WHAT THE TASK REQUIRES:
All that should come back is the lines of the data below from the one containing "幼稚園にある2つの階段は年長さんが作った「かるたロード」になりました。" to the one containing "shopping experience here.", inclusive, exactly as they stand.

SUPPLIED RECORDS:
+++

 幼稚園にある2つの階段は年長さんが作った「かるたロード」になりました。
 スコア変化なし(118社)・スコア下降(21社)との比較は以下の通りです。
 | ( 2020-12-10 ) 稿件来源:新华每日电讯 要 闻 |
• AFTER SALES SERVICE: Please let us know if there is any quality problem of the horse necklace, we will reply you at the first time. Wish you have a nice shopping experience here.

+++

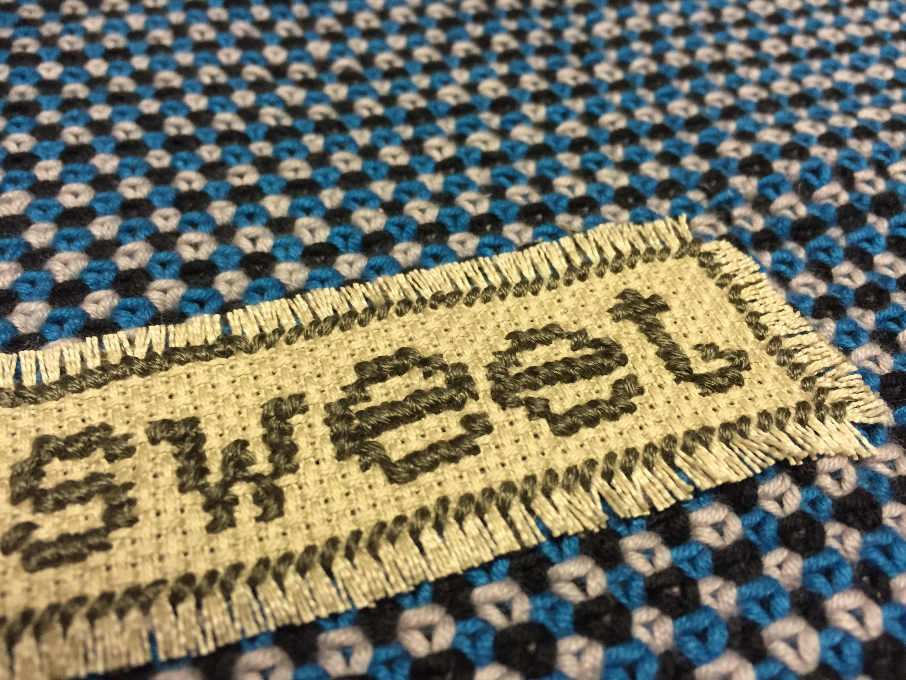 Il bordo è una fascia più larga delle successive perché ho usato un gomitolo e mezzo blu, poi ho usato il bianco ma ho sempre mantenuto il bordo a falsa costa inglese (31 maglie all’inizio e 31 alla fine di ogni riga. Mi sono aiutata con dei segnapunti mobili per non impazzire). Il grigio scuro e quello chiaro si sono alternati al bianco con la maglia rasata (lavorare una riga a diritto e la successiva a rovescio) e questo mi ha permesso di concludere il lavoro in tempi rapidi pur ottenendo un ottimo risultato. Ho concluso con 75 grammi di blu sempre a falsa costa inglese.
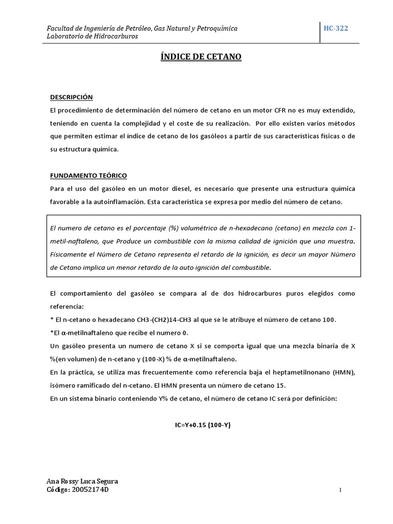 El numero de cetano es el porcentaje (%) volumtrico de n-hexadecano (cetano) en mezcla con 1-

+++

THE COMPLETED TASK:
 幼稚園にある2つの階段は年長さんが作った「かるたロード」になりました。
 スコア変化なし(118社)・スコア下降(21社)との比較は以下の通りです。
 | ( 2020-12-10 ) 稿件来源:新华每日电讯 要 闻 |
• AFTER SALES SERVICE: Please let us know if there is any quality problem of the horse necklace, we will reply you at the first time. Wish you have a nice shopping experience here.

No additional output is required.